- _Task to complete_: From the listing that follows, output everything exactly except the pictures.

- _Information shown_:
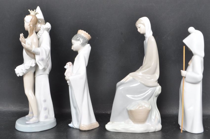 A group of four late 20th Century Spanish Valencian ceramic figurines to include a Lladro ballerina and clown figurine group, a Lladro boy holding a dog figurine, a Lladro girl holding a basket figurine and a Nao figurine of a seated woman with a basket. Tallest measures 26cm tall.
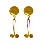 Estos pendientes, inspirados en la cultura ZENU, muestran la elegancia del diseño precolombino con una interpretación moderna en los elementos de espiral, que simbolizan la continuidad y el ciclo de la vida.
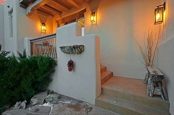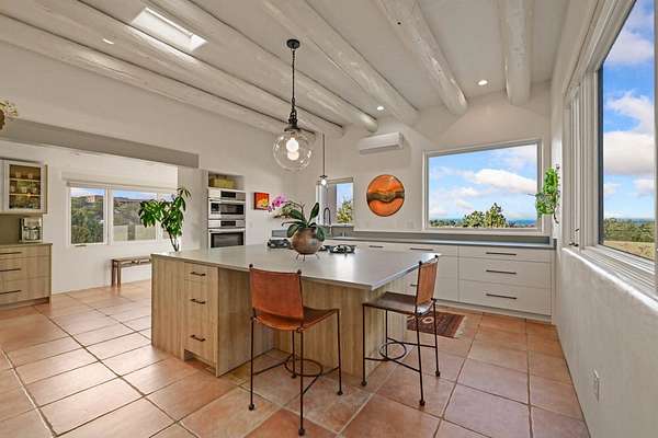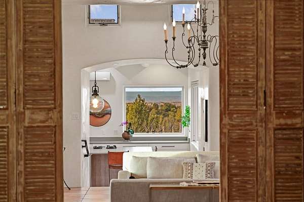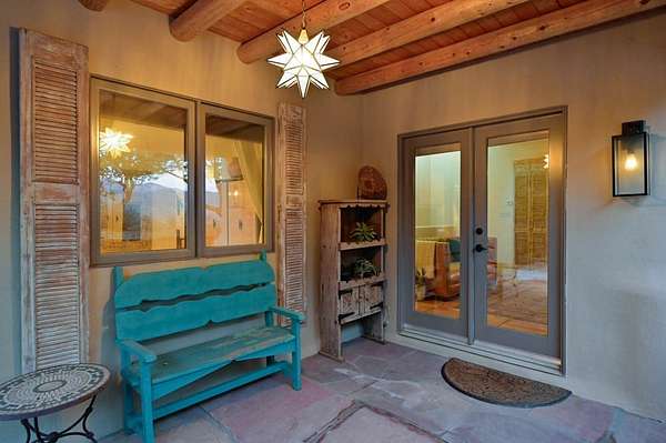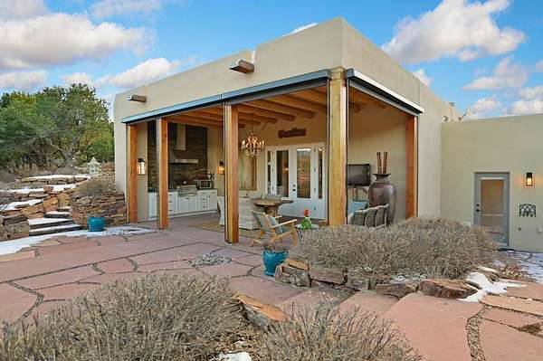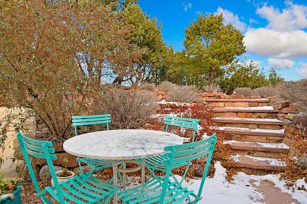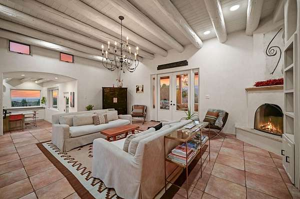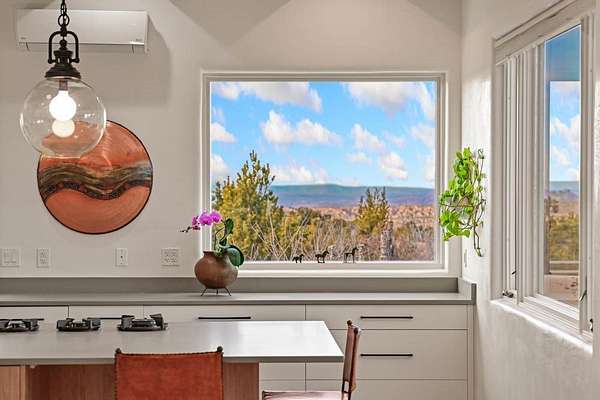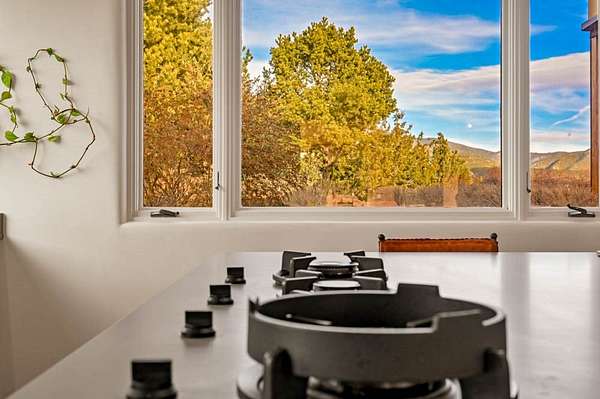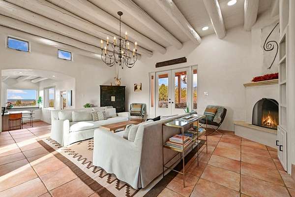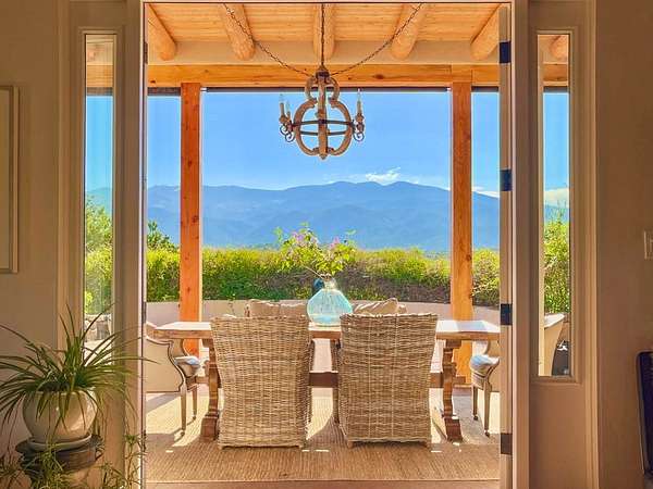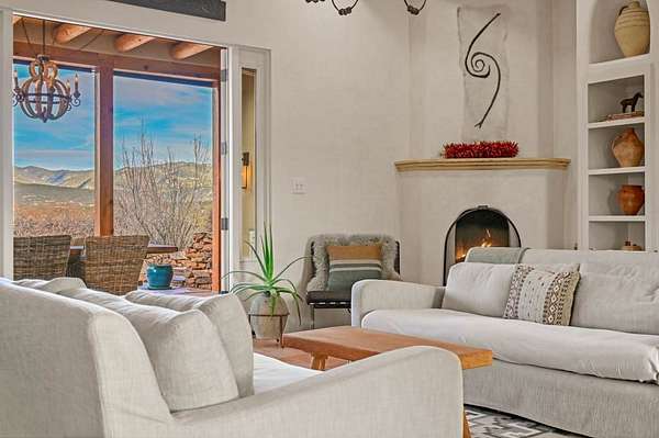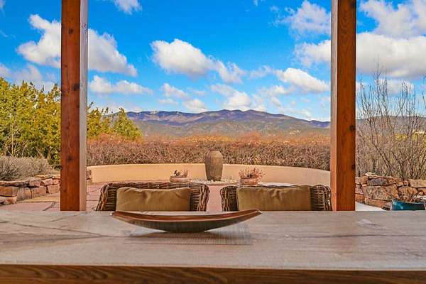 Exceptional mountain views! Beautifully updated Santa Fe home offering classic Southwestern charm and modern amenities. Features include a sun-filled remodeled chef's kitchen with walk-in pantry and an elevator from the oversized 2-car garage for easy access to the secondary refrigerator and multiple storage rooms. The primary suite offers an elegant soaking tub for two and private retreat deck. The two downstairs bedrooms have ensuite bathrooms and an adjoining steam shower, and individual French-door entries that open onto a patio framed by a blooming pollinator's haven. Expansive outdoor living with three distinct portals, the largest fully equipped with a built-in grill and cabinetry for seamless entertaining while enjoying sweeping views of the Sangre de Cristo Mountains, Santa Fe Ski Basin, and Badlands. Located in a private, secure, gated community surrounded by a mature pinon and cedar forest. Approx. 2-acre lot provides peace and serenity, yet you're less than 10 minutes from exceptional culinary spots, the vibrant and historic Santa Fe Plaza, and the world-renowned Santa Fe Opera. Home is in the County and not subject to the Mansion Tax for buyers. Furniture package available.

- _Result of the task_:
 A group of four late 20th Century Spanish Valencian ceramic figurines to include a Lladro ballerina and clown figurine group, a Lladro boy holding a dog figurine, a Lladro girl holding a basket figurine and a Nao figurine of a seated woman with a basket. Tallest measures 26cm tall.
 Estos pendientes, inspirados en la cultura ZENU, muestran la elegancia del diseño precolombino con una interpretación moderna en los elementos de espiral, que simbolizan la continuidad y el ciclo de la vida.
 Exceptional mountain views! Beautifully updated Santa Fe home offering classic Southwestern charm and modern amenities. Features include a sun-filled remodeled chef's kitchen with walk-in pantry and an elevator from the oversized 2-car garage for easy access to the secondary refrigerator and multiple storage rooms. The primary suite offers an elegant soaking tub for two and private retreat deck. The two downstairs bedrooms have ensuite bathrooms and an adjoining steam shower, and individual French-door entries that open onto a patio framed by a blooming pollinator's haven. Expansive outdoor living with three distinct portals, the largest fully equipped with a built-in grill and cabinetry for seamless entertaining while enjoying sweeping views of the Sangre de Cristo Mountains, Santa Fe Ski Basin, and Badlands. Located in a private, secure, gated community surrounded by a mature pinon and cedar forest. Approx. 2-acre lot provides peace and serenity, yet you're less than 10 minutes from exceptional culinary spots, the vibrant and historic Santa Fe Plaza, and the world-renowned Santa Fe Opera. Home is in the County and not subject to the Mansion Tax for buyers. Furniture package available.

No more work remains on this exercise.